Projections of hospital attendance into the coming months increase our concern since most hospital staff are paid from the revenue generated by paid services. At this rate, the hospital would not be able to pay its staff and this could have a negative impact on hospital performance [24]. There was also clearly an impact on hospitalizations and mortality during that period; details can be found in the publication by Chelo et al. [25].

A major public awareness campaign using all available means of communication is therefore important. This will reassure the population of their safety in hospitals. In addition, it will remind them of the importance of vaccination in the prevention of certain childhood diseases. The campaign should rely not only on healthcare providers, but also on opinion leaders, religious authorities, and even popular artists. This campaign could be accompanied by attractive measures such as reducing consultation fees and additional examinations for a specific period.

The retrospective nature of this study limits its scope, because we could not collect all the necessary information from patients. Our database did not allow us to analyze patient subgroups (emergencies, outpatient consultations) as we would have liked. We also limited ourselves to a period of 2.5 months after the start of the pandemic. Furthermore, since the epidemic had been declared less than 3 months earlier, this duration was not long enough to measure the size of the change in various outcomes as is common practice in interrupted time series analysis [26].
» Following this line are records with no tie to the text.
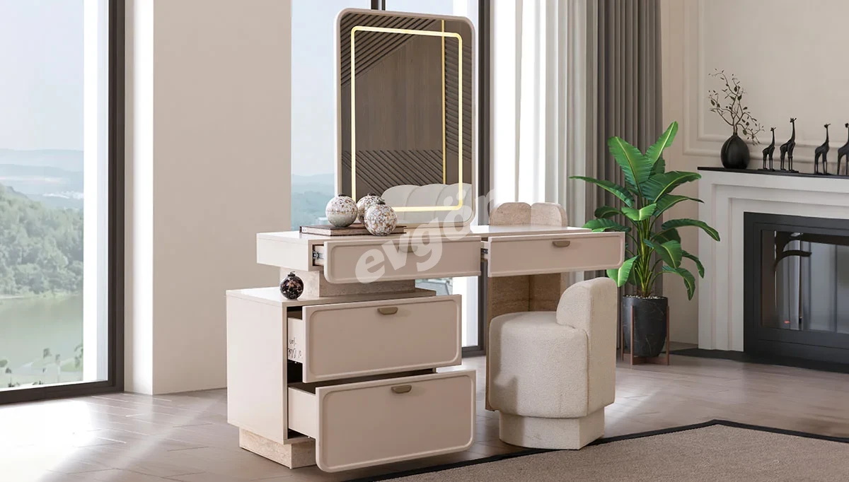 Özellikler: Çekmecelerin veya kapakların üzerine monte edilmiş aynalar, dekoratif detaylar.
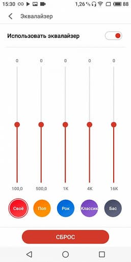 Для проигрывания музыки используется знакомый аудиопроигрыватель с 5-полосным эквалайзером с пресетами. Звук смартфона не особо впечатляет: динамик звучит чисто и громко, но звонко, без заметного присутствия низких частот. В наушниках звучание получше, да и вообще для смартфона такого ценового уровня со звуком здесь порядок, все на вполне удовлетворительном уровне.
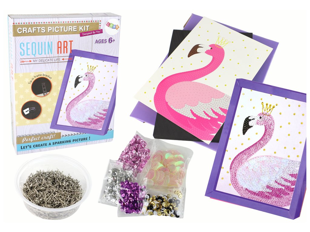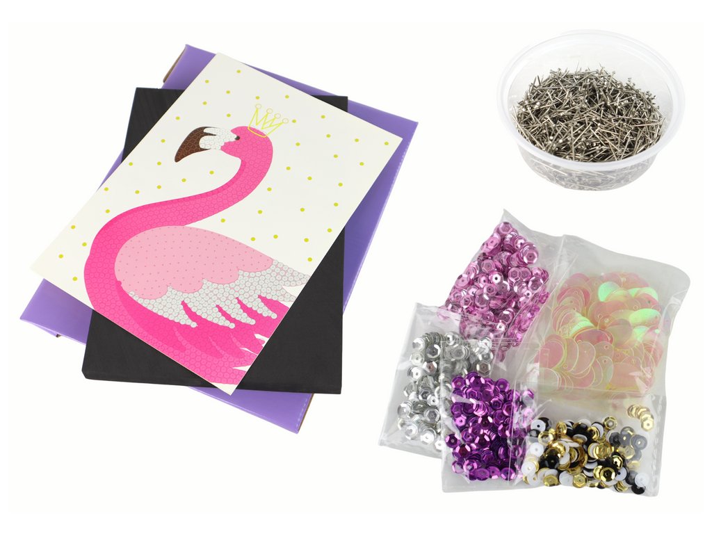 Kreativní DIY flitry Set cvočky Flamingo Frame
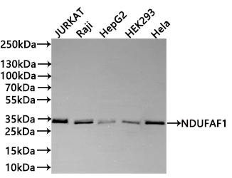 All lanes: NDUFAF1 antibody at 1:1000

In addition, our study focused on a single hospital, which makes it difficult to generalize our findings to all health facilities in the country. Such a study should be undertaken in several hospitals of different levels and over a long period after the start of the COVID-19 pandemic.

Conclusion

This study illustrates the negative impact of the COVID-19 pandemic on the uptake of preventive and curative care services in a referral pediatric hospital in Cameroon, in this case consultations and vaccination. There is a risk of an upsurge in vaccine-preventable diseases in the coming months, especially since predictions point to a drastic drop in the demand for vaccination services between June 2020 and May 2021. To anticipate these poor forecasts, it is important that strong actions be taken to restore the relationship of trust between clients (population) and health services. This is an emergency, because apart from the quality care offered to the population, the survival of the hospital depends in part on the income from the payment for care to ensure its functioning.

Disclosure of interest

The authors declare that they have no competing interest.